● **DATA SHOWN**:
--*--

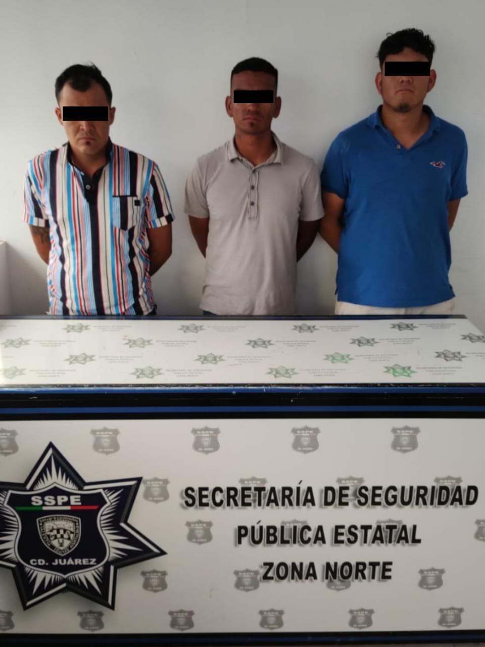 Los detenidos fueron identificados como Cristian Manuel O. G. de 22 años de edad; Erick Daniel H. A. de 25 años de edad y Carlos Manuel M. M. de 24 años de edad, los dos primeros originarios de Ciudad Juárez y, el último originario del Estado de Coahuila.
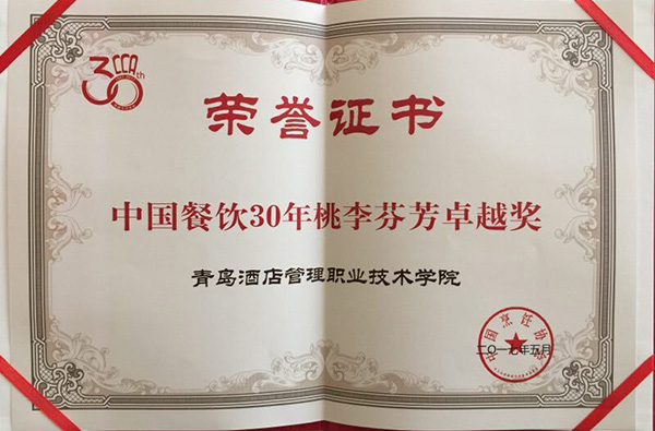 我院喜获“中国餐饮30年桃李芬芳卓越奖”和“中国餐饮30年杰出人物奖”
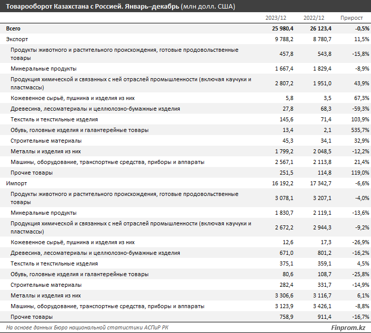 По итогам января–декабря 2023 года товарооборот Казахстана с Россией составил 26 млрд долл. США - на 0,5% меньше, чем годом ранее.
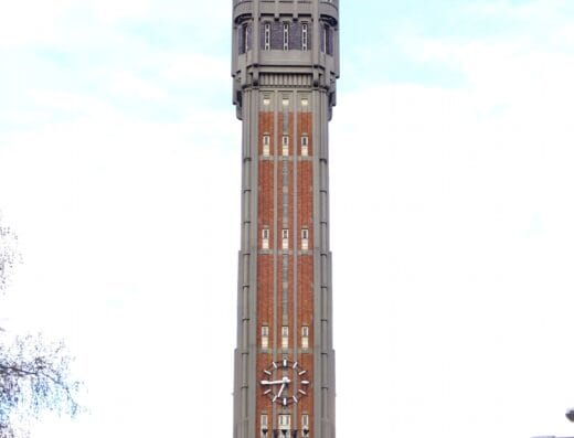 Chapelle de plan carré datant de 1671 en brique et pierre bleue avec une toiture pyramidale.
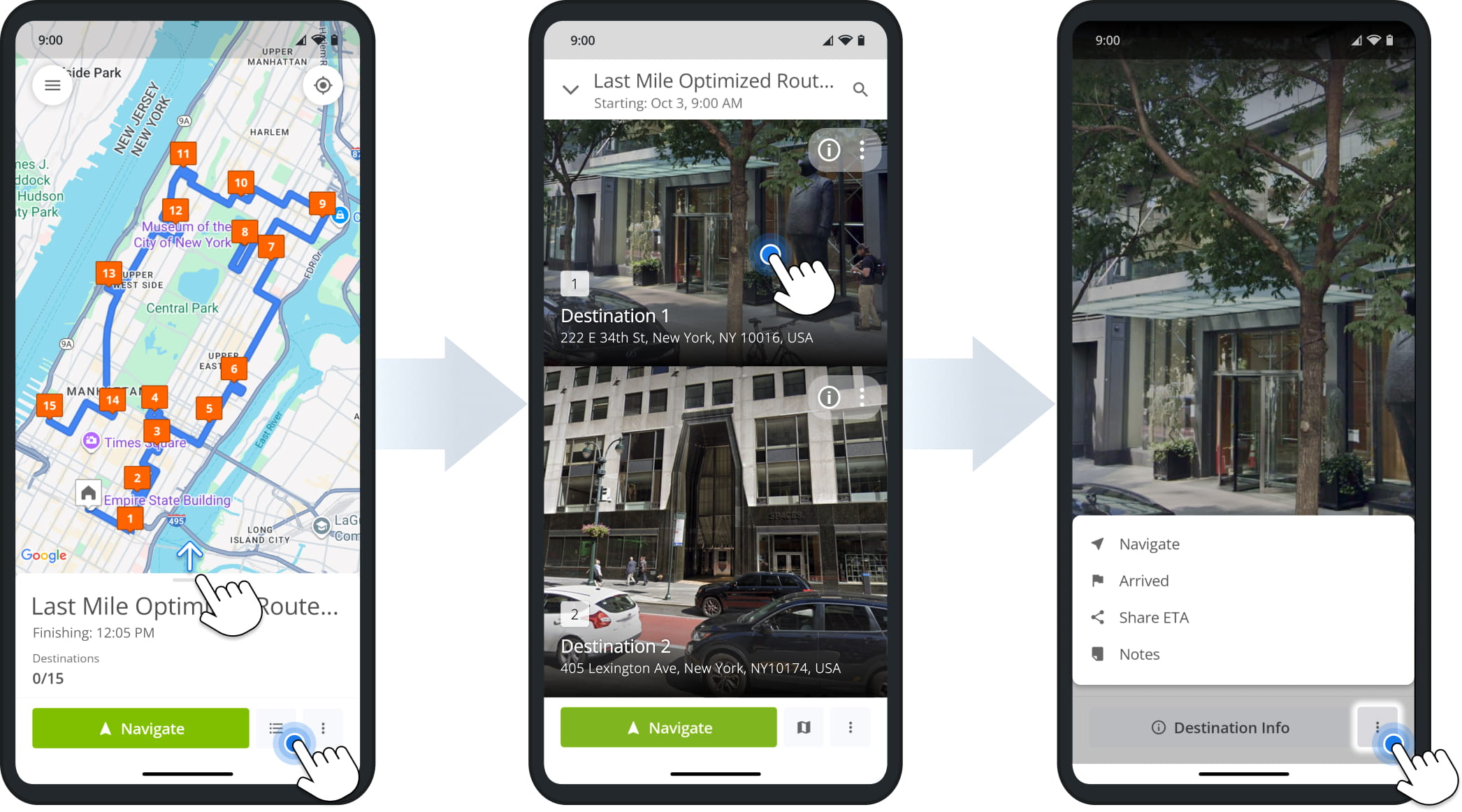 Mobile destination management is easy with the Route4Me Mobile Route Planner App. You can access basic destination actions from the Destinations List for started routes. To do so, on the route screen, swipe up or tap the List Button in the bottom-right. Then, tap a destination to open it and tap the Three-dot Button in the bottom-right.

--*--

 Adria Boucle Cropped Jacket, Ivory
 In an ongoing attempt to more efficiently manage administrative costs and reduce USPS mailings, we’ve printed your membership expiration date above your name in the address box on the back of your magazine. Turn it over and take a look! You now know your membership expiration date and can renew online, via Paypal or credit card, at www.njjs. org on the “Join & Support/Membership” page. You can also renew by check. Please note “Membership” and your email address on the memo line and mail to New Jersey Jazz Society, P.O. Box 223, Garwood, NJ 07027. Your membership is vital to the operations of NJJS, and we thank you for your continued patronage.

--*--

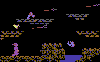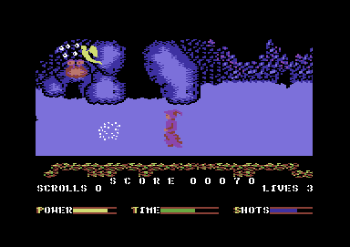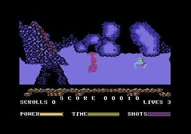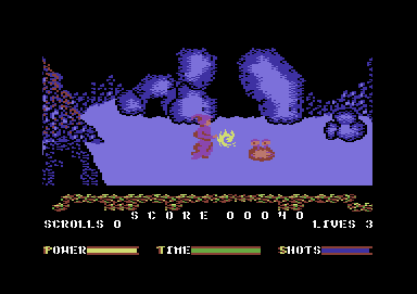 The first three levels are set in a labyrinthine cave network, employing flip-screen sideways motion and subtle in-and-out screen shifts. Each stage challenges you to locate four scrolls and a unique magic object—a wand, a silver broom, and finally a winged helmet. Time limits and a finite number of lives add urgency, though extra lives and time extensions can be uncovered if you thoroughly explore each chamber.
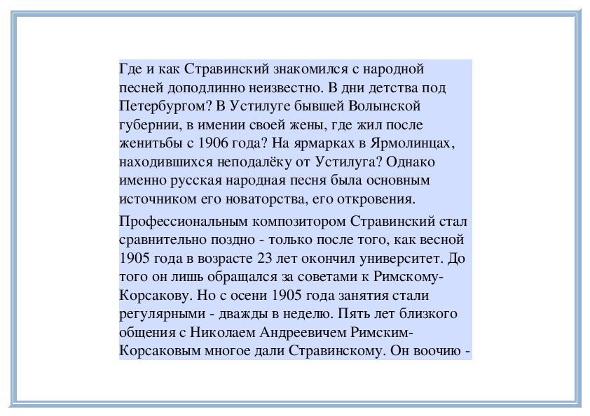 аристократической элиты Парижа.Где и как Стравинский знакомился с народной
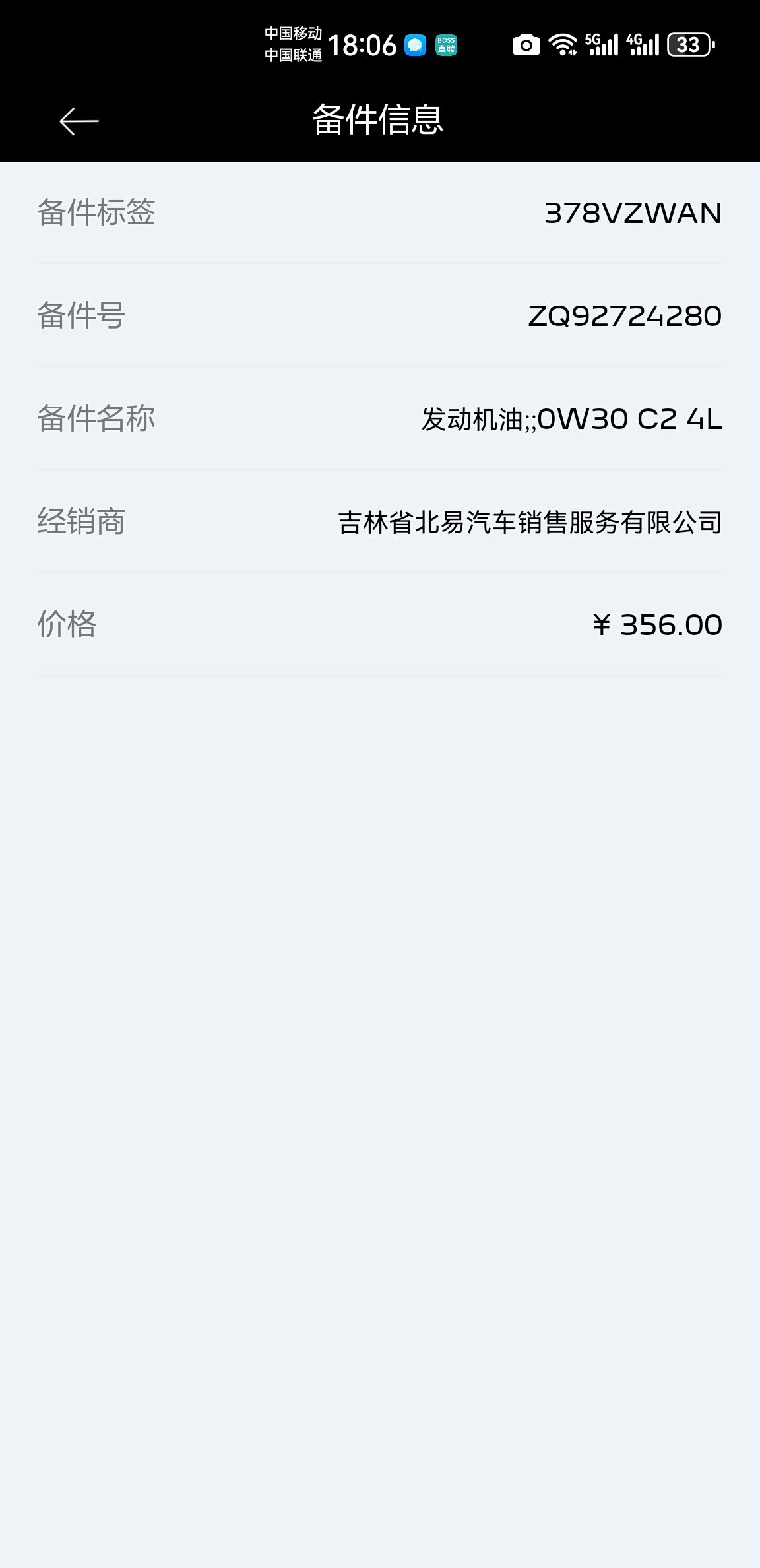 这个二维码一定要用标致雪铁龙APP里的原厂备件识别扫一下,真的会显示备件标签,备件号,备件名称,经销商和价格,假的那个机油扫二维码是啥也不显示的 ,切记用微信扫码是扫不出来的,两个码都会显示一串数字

--*--

Using the listing above, reproduce word for word every line from the one containing "аристократической элиты Парижа.Где" through the one containing "这个二维码一定要用标致雪铁龙". Pictures must be left out.

● **EXERCISE RESPONSE**:
 аристократической элиты Парижа.Где и как Стравинский знакомился с народной
 这个二维码一定要用标致雪铁龙APP里的原厂备件识别扫一下,真的会显示备件标签,备件号,备件名称,经销商和价格,假的那个机油扫二维码是啥也不显示的 ,切记用微信扫码是扫不出来的,两个码都会显示一串数字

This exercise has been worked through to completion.